Any info offered is greatly appreciated from one hunter to another. 
Thanks and have a blessed day!


----------



## ThatredneckguyJamie (Jul 18, 2016)

both have their own merit...first hunt = less pressured deer, 2nd hunt = usually peak of the rut...
I think a lot of people go into that hunt thinking it will be a slam dunk...and forget that it is still public land hunting.


----------



## ThatredneckguyJamie (Jul 18, 2016)

for what its worth I'll hopefully be going back this year (4 pref points) and will be choosing the first hunt


----------



## woody10 (Jul 19, 2016)

That's right you've got to work for them anywhere. I've killed deer and seen some really good deer during the second now season up there. Would have a good one on the wall if had rifle in hand but well you know how that goes. I was just curious as to how the deer heard was holding up. I haven't heard of any big ones coming off of it last couple yrs was just trying to go ahead and make up my mind lol.
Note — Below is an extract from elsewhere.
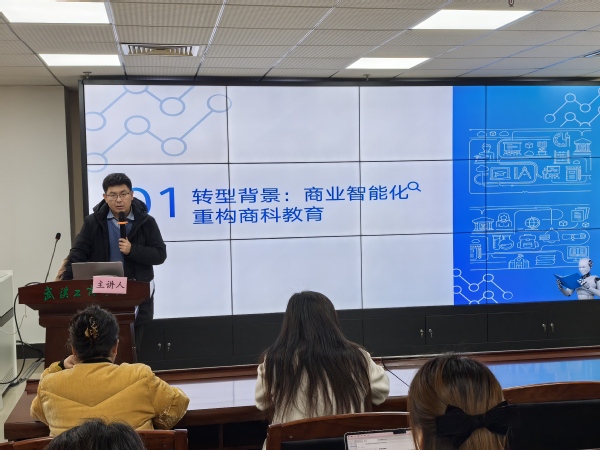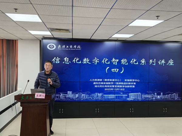 新闻中心讯(特约记者 高丽丽 李萱)12月18日下午,由武汉工商学院人力资源部(教师发展中心)、实验教学中心、虚拟仿真实验教学一流课程虚拟教研室联合主办的“信息化数字化智能化”第四场讲座在弘德楼1016会议室举行。本次讲座特邀中云国创数据科技有限公司创始人、CEO王一民担任主讲嘉宾,以《从数据到智能:构建面向AI时代的商科人才培养新范式》为主题,深入探讨了人工智能背景下商科教育的转型路径与实施策略。来自校内9个教学单位的40余名教师,以及湖北民办高校经管类实践教学创新联盟10所成员高校的23名教师代表共同参与学习交流。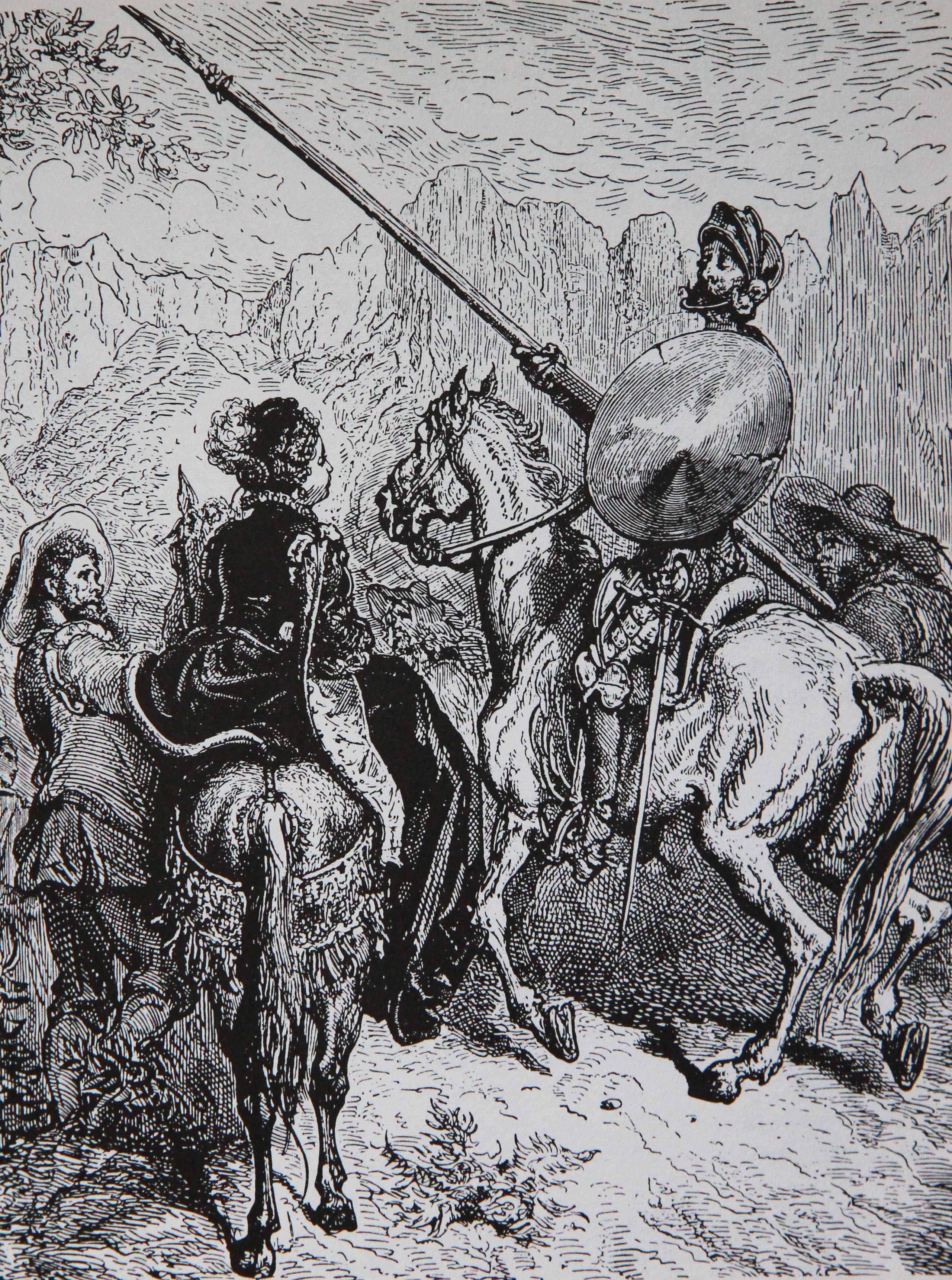 Сервантес, очевидно, задумывал свой роман как пародию на рыцарские романы, но в итоге произведение получилось и шире, и глубже – трагикомический эпос испанской жизни на стыке XVI – XVII веков. Идальго Дон Кехана решил стать странствующим рыцарем. Вся атрибутика рыцарства налицо: возлюбленная выбрана и ей дано звучное имя – Дульсинея Тобосская, найден оруженосец Санчо Панса, правда, на осле Сером, но где в рыцарских романах сказано, что так нельзя? Зато Дон Кихот Ламанчский на Росинанте. Вперёд за подвигами ради дамы своего сердца, за личной славой! Однако времена рыцарства уже прошли, хотя романами об этом ещё многие зачитываются. И ещё одно обстоятельство: наш новоявленный рыцарь не в себе, а Санчо Панса не может противостоять своему господину. Сумасшедший рыцарь, не потерявший благородства и чести, путешествующий по Испании и совершающий свои нелепые подвиги. Такого в литературе до Сервантеса ещё не было и это было интересно читателю. Понятия «донкихотство», «борьба с ветряными мельницами» стали вечными.

Good luck if drawn!


----------



## ThatredneckguyJamie (Jul 19, 2016)

I killed what I thought was a pretty nice one 4 years ago and they laughed at me and told me I killed a baby lol there's pictures floating around here somewhere of it


----------



## woody10 (Jul 19, 2016)

If it was legal and you were happy with it nothing wrong with it at all.. Glad to hear you've had some success there


----------



## Bucky T (Jul 19, 2016)

It use to be awesome when they didn't have the gun hunt during the peak of the rut.  It use to be a sign in archery hunt during the peak of the rut.

Nobody would go hunt hardly either.


----------



## Captain Bachlott (Oct 16, 2016)

Bow hunted it this year, large field on the north boarder all peanuts. Saw a nice young 8 on the way out.


----------